What is needed:
Once you find the line with "現在、ケータイやスマートフォ" in the data below, transcribe exactly each line from there to the line with "This classic dark", inclusive, and nothing else. Drop the pictures.

Excerpted records:
········

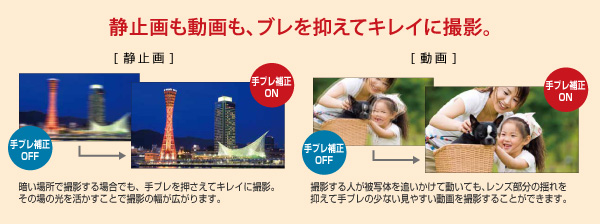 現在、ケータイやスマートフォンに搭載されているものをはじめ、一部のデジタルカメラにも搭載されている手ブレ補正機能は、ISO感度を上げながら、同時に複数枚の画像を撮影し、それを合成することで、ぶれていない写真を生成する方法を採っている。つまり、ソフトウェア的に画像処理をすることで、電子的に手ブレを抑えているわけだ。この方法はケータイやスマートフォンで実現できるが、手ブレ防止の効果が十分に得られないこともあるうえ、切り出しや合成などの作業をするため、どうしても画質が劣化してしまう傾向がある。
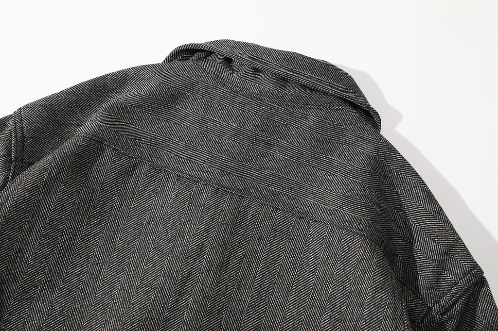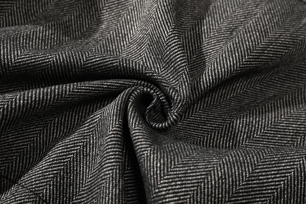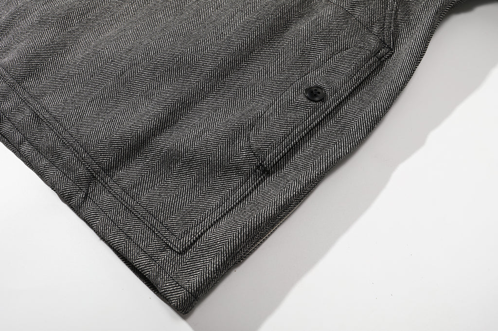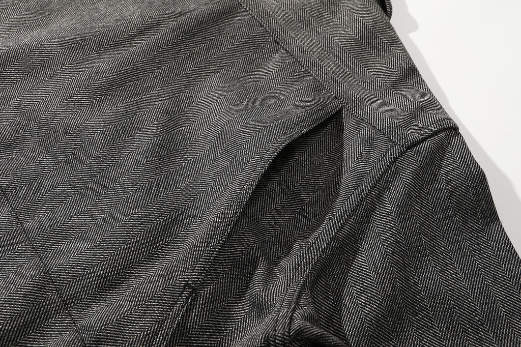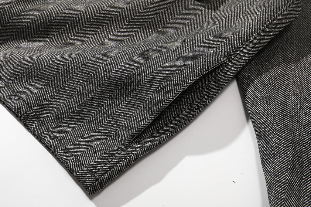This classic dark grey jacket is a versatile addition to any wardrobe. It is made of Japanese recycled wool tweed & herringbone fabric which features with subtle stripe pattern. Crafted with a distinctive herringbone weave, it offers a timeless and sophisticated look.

········

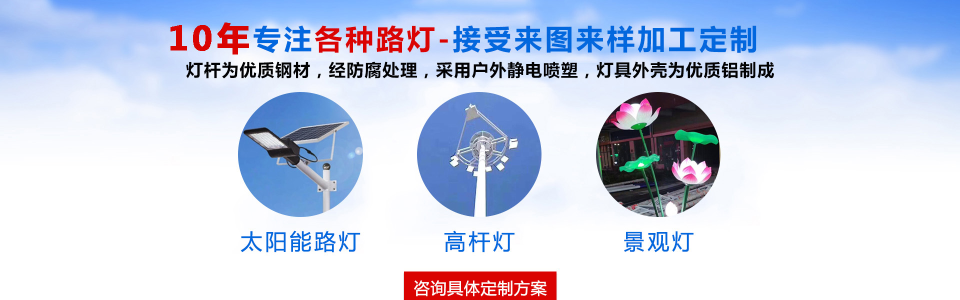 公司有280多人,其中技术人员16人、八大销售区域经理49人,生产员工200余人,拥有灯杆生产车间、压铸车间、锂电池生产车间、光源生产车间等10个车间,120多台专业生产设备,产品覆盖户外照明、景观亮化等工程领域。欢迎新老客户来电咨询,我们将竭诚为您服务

········

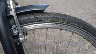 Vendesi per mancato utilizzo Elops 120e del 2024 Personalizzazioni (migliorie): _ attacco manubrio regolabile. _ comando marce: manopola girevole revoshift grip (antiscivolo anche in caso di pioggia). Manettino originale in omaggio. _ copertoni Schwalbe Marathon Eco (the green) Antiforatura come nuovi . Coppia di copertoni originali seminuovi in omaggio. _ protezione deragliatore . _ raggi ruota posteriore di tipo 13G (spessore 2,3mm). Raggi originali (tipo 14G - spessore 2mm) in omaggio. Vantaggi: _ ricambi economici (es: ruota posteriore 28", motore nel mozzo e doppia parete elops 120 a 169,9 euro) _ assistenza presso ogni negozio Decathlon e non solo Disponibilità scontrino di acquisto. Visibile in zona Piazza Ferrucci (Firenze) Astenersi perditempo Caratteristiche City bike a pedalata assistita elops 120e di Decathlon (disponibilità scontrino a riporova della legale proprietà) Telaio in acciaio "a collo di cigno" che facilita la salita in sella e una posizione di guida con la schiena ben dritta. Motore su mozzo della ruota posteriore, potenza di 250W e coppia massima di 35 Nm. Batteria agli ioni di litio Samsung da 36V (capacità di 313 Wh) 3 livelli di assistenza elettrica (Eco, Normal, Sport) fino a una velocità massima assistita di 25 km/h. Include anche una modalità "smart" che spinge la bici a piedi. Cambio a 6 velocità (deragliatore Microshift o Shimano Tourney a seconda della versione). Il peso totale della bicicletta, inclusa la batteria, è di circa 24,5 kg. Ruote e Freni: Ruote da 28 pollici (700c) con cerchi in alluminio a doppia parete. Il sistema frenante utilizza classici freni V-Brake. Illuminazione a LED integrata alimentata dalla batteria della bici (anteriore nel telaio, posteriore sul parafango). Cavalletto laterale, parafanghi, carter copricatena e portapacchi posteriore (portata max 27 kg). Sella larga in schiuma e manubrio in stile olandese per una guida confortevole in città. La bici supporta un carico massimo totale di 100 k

········

Result of this exercise:
 現在、ケータイやスマートフォンに搭載されているものをはじめ、一部のデジタルカメラにも搭載されている手ブレ補正機能は、ISO感度を上げながら、同時に複数枚の画像を撮影し、それを合成することで、ぶれていない写真を生成する方法を採っている。つまり、ソフトウェア的に画像処理をすることで、電子的に手ブレを抑えているわけだ。この方法はケータイやスマートフォンで実現できるが、手ブレ防止の効果が十分に得られないこともあるうえ、切り出しや合成などの作業をするため、どうしても画質が劣化してしまう傾向がある。
This classic dark grey jacket is a versatile addition to any wardrobe. It is made of Japanese recycled wool tweed & herringbone fabric which features with subtle stripe pattern. Crafted with a distinctive herringbone weave, it offers a timeless and sophisticated look.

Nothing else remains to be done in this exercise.